Following is an example configuration for chat completion using the OpenAI API.

<ai.chat configKey="OPEN_AI_CONNECTION">
    <system>You are a helpful AI</system>
    <prompt>{${payload.question}}</prompt>
    <outputType>string</outputType>     
    <modelName>gpt-4o</modelName>
    <temperature>0.7</temperature>
    <maxTokens>4069</maxTokens>
    <topP>1</topP>
    <frequencyPenalty>0</frequencyPenalty>
    <seed></seed>
    <knowledge>{${vars.docs.payload}}</knowledge>
    <history>{${payload.history}}</history>
    <maxHistory>10</maxHistory>
    <responseVariable>ai_chat</responseVariable>
    <overwriteBody>false</overwriteBody>
</ai.chat>

Parser

Inputs:

  • input: The input data to parse (binary or text).
  • type: The type of parsing to perform. ("markdown-to-text", "html-to-text", "pdf-to-text", "doc-to-text", "docx-to-text", "ppt-to-text", "pptx-to-text", "xls-to-text", "xlsx-to-text")
  • responseVariable: The variable to store the response.
  • overwriteBody: Whether to overwrite the message body.

Outputs:

  • Parsed document as a json object of the schema.

Following is an example configuration for document parsing using the OpenAI API.

<ai.parse>
    <input>{${payload.binary}}</input>
    <type>pdf-to-text</type>
    <responseVariable>ai_parse</responseVariable>
    <overwriteBody>false</overwriteBody>
</ai.parse>

Splitter

Inputs:

  • input: The input data to split as a string.
  • strategy: The strategy to use for splitting. ("Recursive", "ByParagraph", "BySentence")
  • maxSegmentSize: The maximum segment size.
  • maxOverlapSize: The maximum overlap size.
  • responseVariable: The variable to store the response.
  • overwriteBody: Whether to overwrite the message body.

Outputs:

  • payload: Splitted document as a json object of the schema.

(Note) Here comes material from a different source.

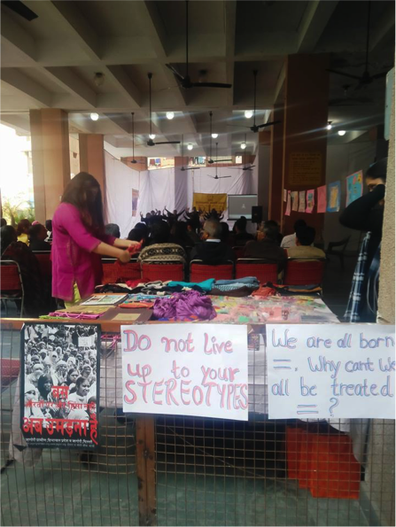 On 3rd February, Shivaji College, Sangat and Society for Labour and Development rose to discuss the rights of women workers. Five women who are workers at various garment factories in the NCR region were present to share their experiences with the more than 200 students who were present at the gathering. The women spoke of issues of sexual harassment in the workplace, the absence of social security, no workplace safety, low wages and others and urged students to think about where their clothes come from and at what cost.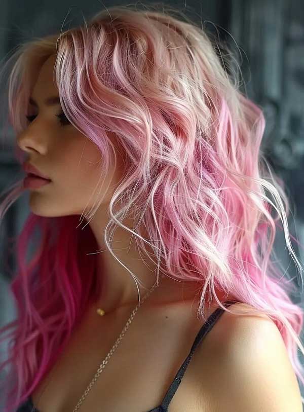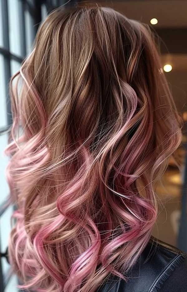 Pink balayage on blonde hair creates a vibrant, playful contrast with soft, pastel pink highlights blending seamlessly into light blonde strands. This technique adds a pop of color while maintaining a natural, sun-kissed effect. The pink tones bring a fresh, youthful vibe, enhancing the blonde base with a fun twist. Perfect for those wanting a bold yet wearable style, pink balayage on blonde hair is chic, low-maintenance, and full of personality.

Following is an example configuration for document splitting.

<ai.split>
    <input>{${vars.ai_parse_695.payload}}</input>
    <strategy>Recursive</strategy>
    <maxSegmentSize>50</maxSegmentSize>
    <maxOverlapSize>10</maxOverlapSize>
    <responseVariable>splitted</responseVariable>
    <overwriteBody>false</overwriteBody>
</ai.split>

Embedding

Inputs:

  • input: The input data to generate embeddings as a string.
  • model: The model to use for generating embeddings.
  • responseVariable: The variable to store the response.
  • overwriteBody: Whether to overwrite the message body.

Outputs:

  • Embeddings as a json object of the schema.

Following is an example configuration for generating embeddings.

<ai.generateEmbeddings configKey="OPEN_AI_1">
    <input>{${vars.splitted.payload}}</input>
    <model>text-embedding-3-small</model>
    <responseVariable>embeddings</responseVariable>
    <overwriteBody>false</overwriteBody>
</ai.generateEmbeddings>

Add to Vector Store

Inputs:

  • input: Array of Text embedding objects. You can directly use the output payload of the generateEmbeddings operation. Refer TextEmbedding schema
  • responseVariable: The variable to store the response.
  • overwriteBody: Whether to overwrite the message body.

Outputs:

  • Status of the operation as a json object of the schema.

Note: Output has an empty payload. The status is stored in the attributes. You can access the status using the following expression ${vars.<responseVariable>.attributes.status}.

Following is an example configuration for adding embeddings to a vector store.

<ai.addToStore configKey="PINECONE_1">
    <input>{${vars.embeddings.payload}}</input>
    <responseVariable>store</responseVariable>
    <overwriteBody>false</overwriteBody>
</ai.addToStore>

Retrieve from Vector Store

Inputs:

  • input: Array of numbers ( embedding of the query text). Refer TextEmbedding schema
  • maxResults: Maximum number of results to retrieve.
  • minScore: Minimum score to consider for a result.
  • responseVariable: The variable to store the response.
  • overwriteBody: Whether to overwrite the message body.

Outputs:

  • Retrieved documents as a json object of the schema.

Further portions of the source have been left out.